Des dizaines d’élèves enlevés lors d’une rare attaque dans le sud-ouest du Nigeria en mai ont été libérés, a annoncé vendredi le porte-parole de la présidence.
Des hommes armés, que l’armée nigériane a accusés d’être des jihadistes de Boko Haram, avaient enlevé 46 élèves et membres du personnel de trois écoles dans l’Etat d’Oyo, dans le sud-ouest du pays, le 15 mai.
« Enfin, tous les élèves et enseignants enlevés à Orire, dans l’Etat d’Oyo, ont été secourus par nos services de sécurité », a déclaré Bayo Onanuga, porte-parole de la présidence nigériane, dans une publication sur X accompagnée de photos de certains des enfants.

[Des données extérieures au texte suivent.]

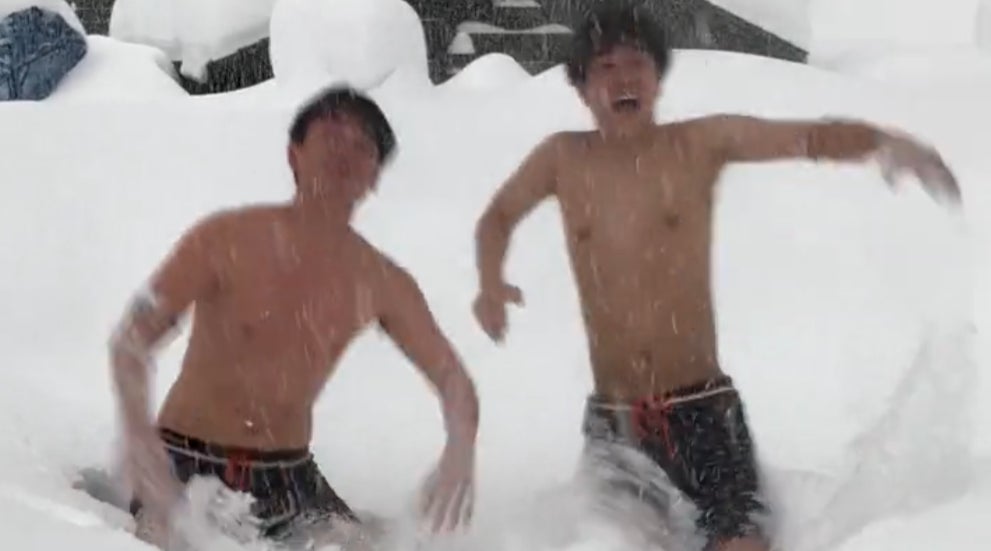 写真は、東京から来た男性お二人が「背面」雪ダイブを行うところ。この日は、北海道が記録的な大雪に見舞われた日。これまでにないパウダースノーの山ができていました。

Le sud-ouest du Nigeria a longtemps été considéré comme l’une des régions les plus sûres d’un pays en proie à de multiples crises sécuritaires.
Les enlèvements contre rançon constituent un défi permanent pour les autorités dans les régions instables du nord du Nigeria. Mais les enlèvements de masse ont été rares dans le sud du pays.
L’Etat d’Oyo est l’un des plus peuplés du Nigeria et a pour capitale Ibadan, un pôle majeur pour l’éducation dans le pays. Bayo Onanuga a indiqué que certains des ravisseurs avaient été tués lors de l’opération de sauvetage et qui huit autres avaient été arrêtés.
Il a précisé que les « terroristes » avaient exigé la libération de l’un de leurs membres, actuellement poursuivi par les autorités.